Saturday, April 25, 2009

Yahooooooo.... Down 80 lbs! (written on (10/18/08)

I had a couple of really slow weeks, then all of a sudden, my body decided to kick back into gear, and I've lost 5 lbs. over the last 2 days. I love that! I've been wanting to post some new pictures, but my computer with PhotoShop decided to take a nose dive, and the hard drive crashed the other day. As soon as it's up and working again, I'll post some new photos. I feel like I can see a huge change since my pictures a month ago were posted, but I'll have to wait and see once I can put them side by side...

Things at work are starting to flow a little better with my new job. My replacement for my previous position started on Thursday, and she's a quick study, so I'm already feeling some of the burden of trying to manage both jobs at the same time being lifted. What a relief!
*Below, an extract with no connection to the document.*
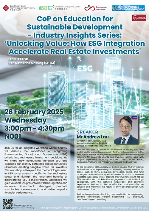 Speaker: Mr Andrew Lau, Director of ESG Advisory, Asia , Valuation & Advisory Services, Colliers International (HK) Limited

You know how you hear about food addictions transferring into another area, once a person has gastric bypass surgery? Well, I know my tendencies from previous attempts at weight loss, and one I knew would be a weakness is rearing its ugly head again. Even though I know this about myself, I still struggle... What is my issue, you ask??? SHOPPING!!! I have this overwhelming urge to spend money on clothes and jewelry, which are both really ridiculous. (The clothes, because I'm changing sizes so quickly, and I have a HUGE wardrobe of things I've saved from the last time I lost weight... The jewelry part because I can make my own, and it really is quite nice. (I'm wearing my own creations in most of my pictures.) Despite all of this, I can't help looking at new things. One of my goals is to really work on this and replace shopping with more exercise. Since I have a brand new treadmill now, there is no reason not to make the attempt. I'll report back on how that goes... If I still continue to struggle, I may find a new therapist to help me work through it. I've done that previously, and I think it's a very healthy thing to do for yourself. It doesn't make you a bad person - just one who recognizes there are personal areas that can use some refining. That's the beauty of life... We are all a work in progress!!!